My Friend (32) lives in Georgia, she lives in Tennessee (32).


Ok my friend has this woman that he talked to off & on from 2015 to 2019 she became a Friend to him. They really didn't talk that much during that time, just here and there. In July of 2019 this is where things started to pick up. They started talking more and liking each other more. On March 25, 2020 she gets into a relationship back with her ex (she contacted my friend to let him know), my friend is upset & hurt, she said she was sorry that she hurt him. She breaks up with her ex a few days before May 4th, 2020. My friend has done everything you can name for this woman send her gifts, money (when she needed it) & other things. My friend was super sweet & nice to her even after the break up with her ex. She contacted my on May 4th, 2020 & the conversations were Great even sexual, it was sexual before she got back her ex. On June 15th, 2020 my Friend & this woman met for the 1st time ever & had sex with her that night & stayed in Tennessee until June 19th, 2020. The conversations were still sexual the rest of the way. On September 12, 2020 the conversation was brought up about a relationship, she told my friend that she was not ready for a relationship due to things in her life her. Fast Forward to more recently she told my friend in February of this year that she loved him, he has a special place in her heart, she never met anyone like him before. Also recently there were conversations about a 2nd meeting in which drives to down to come see him. Fast forward to two weeks ago my friend found out yesterday that she was in a relationship on Facebook. Fast forward to today my friend hits her up to ask if her Facebook had been hacked because it said she was in a relationship. She told him that she recently met someone & they decided to see where things go. She also said both times happened unexpected & not planned & that she didn't mean to hurt my friend & that she was sorry & hopes he forgives her one day. My friend has not talked to her since 2 weeks ago & he told her if her relationship doesn’t workout to shoot him a text or call & she said she will do that.


A couple of questions:

Should my Friend block this woman? I know it will be hard for him to.

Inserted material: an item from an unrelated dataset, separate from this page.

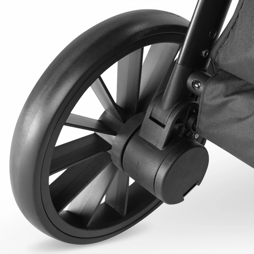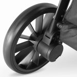 Caruciorul are absorbtie de socuri pe toate rotile, ceea ce ofera copilului un confort ridicat la condus.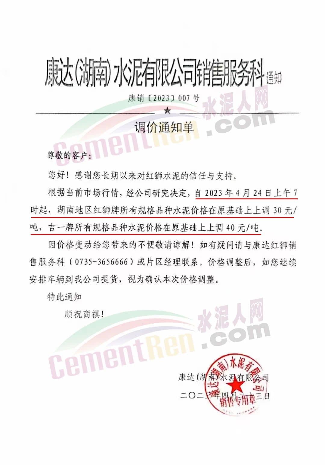 與上述區(qū)域類似,湖南區(qū)域紅獅水泥旗下康達(dá)湖水泥有限公司銷售服務(wù)科通知稱,根據(jù)當(dāng)前市場(chǎng)行情,經(jīng)公司研究決定,自2023年4月24日上午7時(shí)起,湖南地區(qū)紅獅牌所有規(guī)格品種水泥價(jià)格在原基礎(chǔ)上上調(diào)30元/噸,吉一牌所有規(guī)格品種水泥價(jià)格在原基礎(chǔ)上上調(diào)40元/噸。

Should my Friend keep this woman as a Friend? 

What would you suggest my Friend do to move on?

Also if my Friend is Single when her relationship ends & she contacts him what would you suggest he do? & should he forgive her?

Edited by Carlo
Posted
9 minutes ago, Carlo said:

  if my Friend is Single when her relationship ends & she contacts him what would you suggest he do?

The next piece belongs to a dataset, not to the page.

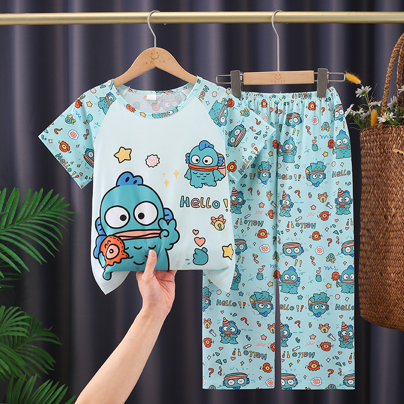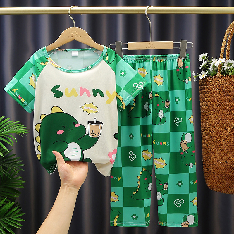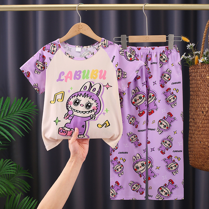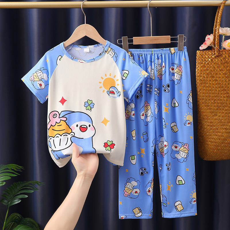 어린이 잠옷 2025 새로운 여름 소녀 얇은 반팔 바지 여아 중 · 빅 키즈 남자 홈 의류 여름

It's best to delete and block exes from ALL messaging apps and social media. Dating locally would be a better idea. That way a real relationship can develop.

Is this the same woman?:

 

  • Author
Posted (edited)
15 minutes ago, Wiseman2 said:

It's best to delete and block exes from ALL messaging apps and social media. Dating locally would be a better idea. That way a real relationship can develop.

Is this the same woman?:

 

I admit it’s the same Girl #1 honestly.

The only reason I said Friend is because I kinda felt guilty, didn’t want to lie but felt guilty. I also found out that Girl #2 has a Boyfriend so we don’t talk anymore but I didn’t block her, but my feelings weren’t that strong for Girl #2 even though I was fond of her. 

Edited by Carlo
Posted
6 minutes ago, Carlo said:

I admit it’s the same Girl #1 honestly

Maybe forget about both of them. Get a good profile and pics on quality dating apps and start talking to local available single women. Meet in person asap so you can avoid the pitfalls of long distance.

  • Author
Posted (edited)
9 minutes ago, Wiseman2 said:

Maybe forget about both of them. Get a good profile and pics on quality dating apps and start talking to local available single women. Meet in person asap so you can avoid the pitfalls of long distance.

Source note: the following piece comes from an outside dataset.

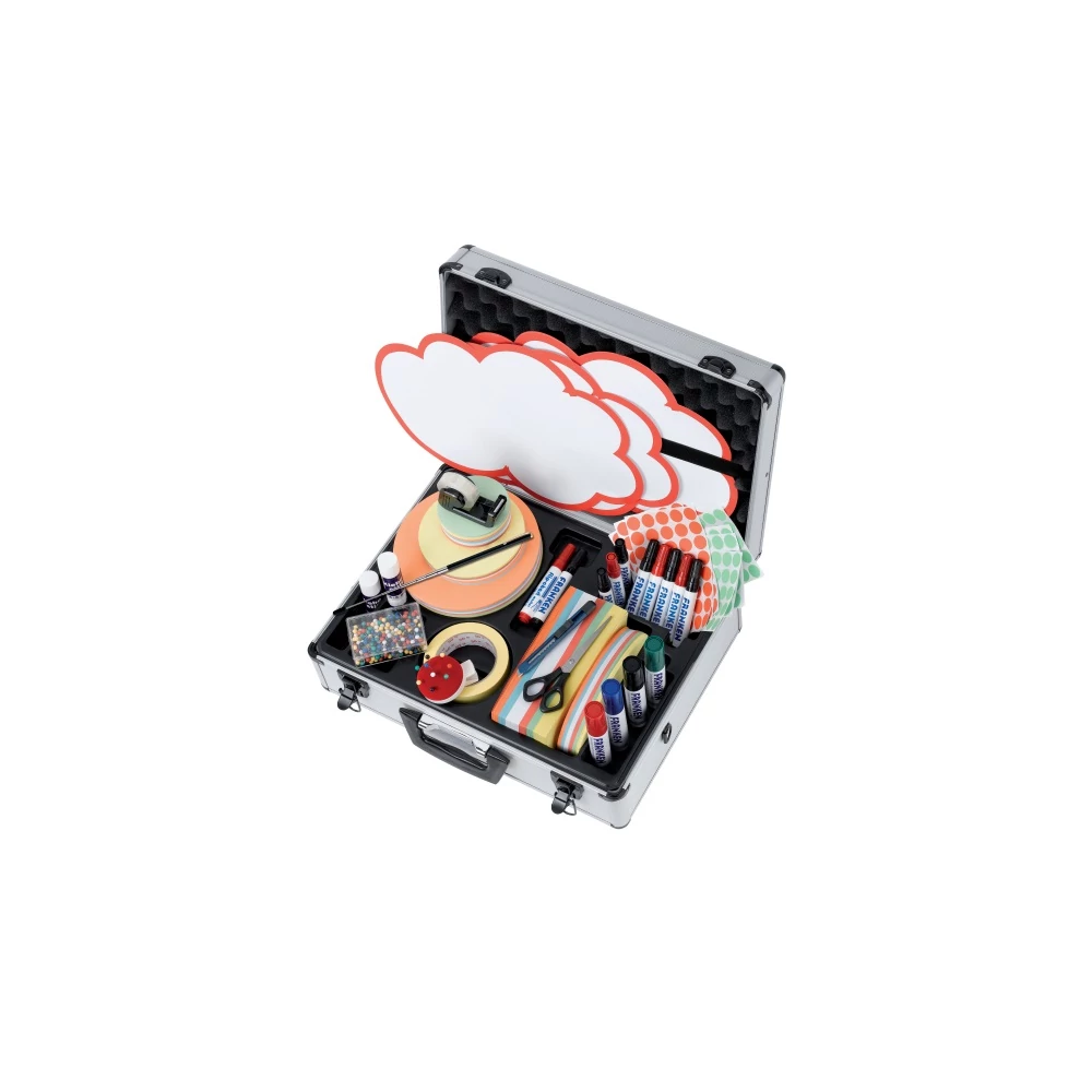 Zárható, robusztus alumínium bőrönd. Súly a tartozékokkal együtt: kb. 6 kg. A bőrönd levehető hordszíjat és tartozékok széles választékát tartalmazza: 5 db. moderációs felhők 25 x 42 cm 500 db. moderációs kártyák téglalapok 20,5 x 9,5 cm, 6 színben válogatott 200 db. moderációs kártya ovális 19 x 11 cm, 6 színben válogatott 200 db. moderációs kártyák ? 9,5 cm, 6 színben válogatott 150 db. moderációs kártyák ? 14 cm, 6 színben válogatott 150 db. moderációs kártyák ? 19,5 cm, 6 színben válogatott 520 darab egyenként piros és zöld jelölőpontok 10 flipchart jelölő (6x fekete, 4x piros) 4 jumbo marker (piros, zöld, kék, fekete) 1 db Papírolló, ragasztó fólia adagolóval, maszkoló szalag, 2 ragasztórúd, tűpárna, vágó, lézermutató 300 tűs kerek fejjel Méret SZxMxM: 48 x 16 x 37 cm. Hiteles tájékoztatás: Elkötelezettek vagyunk termékeink biztonságának garantálásáért, nyomon követjük a termékbiztonsággal kapcsolatos valamennyi európai uniós és hazai szabályozást és biztosítjuk termékeink azoknak történő megfelelését. Az EU 2023/988-as számú Általános Termékbiztonsági Rendeletét (GPSR) is alkalmazzuk, így ha a termékeink biztonságát illetően fogyasztóként kérdése, észrevétele van, vagy esetleg balesetről van tudomása, kérjük, írja meg nekünk. GPSR: LEITZ ACCO Brands GmbH & Co KG

Good advice, I’m actually considering going to a bar/nightclub locally soon next month hopefully I can meet someone. The only reason I’m for next month is because I initially took that day off for something else which is a Saturday & I know if I go on a Saturday it will more busy. 

Edited by Carlo
  • Thanks 1
Posted

Yes; you need to forget this woman. It’s a giant waste of time, so blocking her would be a good idea. It’s not going to become a relationship so it’s useless to keep her in your life in any way. 

Get out there and meet local women instead. It will be much more satisfying.  

Posted
7 hours ago, Carlo said:

My friend has not talked to her since 2 weeks ago & he told her if her relationship doesn’t workout to shoot him a text or call & she said she will do that.

Unfortunately the more appropriate answer would have been to accept with some grace and say goodbye. What he's done now is left the door open and is a sitting duck being someone else's rebound and shot himself in the foot, also sabotaging his ability to move on fully and find more fulfilling relationships.

Her message may come through at any time and he'll be thrown in a loop or torn about what to do, tempted at a new crack at it (a relationship that has never worked due to long distance). And if it doesn't ever come through there remains a question mark, him longing for some response on the days he feels low or lonely. Just say goodbye and move forward.

I'd suggest he let go of her and block or delete the contact. Meet locals within some decent and manageable distance. Bars and pubs will only get you individuals who go to bars and pubs. Try developing other interests or hobbies and join clubs, go to meet ups and expand your social circle. 

 

 

Posted
8 hours ago, Carlo said:

I admit it’s the same Girl #1 honestly.

The only reason I said Friend is because I kinda felt guilty, didn’t want to lie but felt guilty. I also found out that Girl #2 has a Boyfriend so we don’t talk anymore but I didn’t block her, but my feelings weren’t that strong for Girl #2 even though I was fond of her. 

No need to feel guilty, and no need to worry about what internet strangers think! I'm glad you're planning to start going out in your area. Hopefully, you'll meet someone locally. I would remove girl #1 from all your social media and block her so the temptation to contact her isn't there in the future. Enjoy yourself when you go out!

Posted

the reason why you keep finding yourself in this predicament is that you don't set boundaries for yourself. Don't fall into the chat trap. You limit yourself to a few messages, ask for a date, go on a date. If they have ex issues, ditch them, say goodbye and move on. If they live too far away, forget it, date locally, if they have a BF, run away as fast as you can, stay away from monkey branching woman, don't get involved with internet interactions, meet people irl, etc.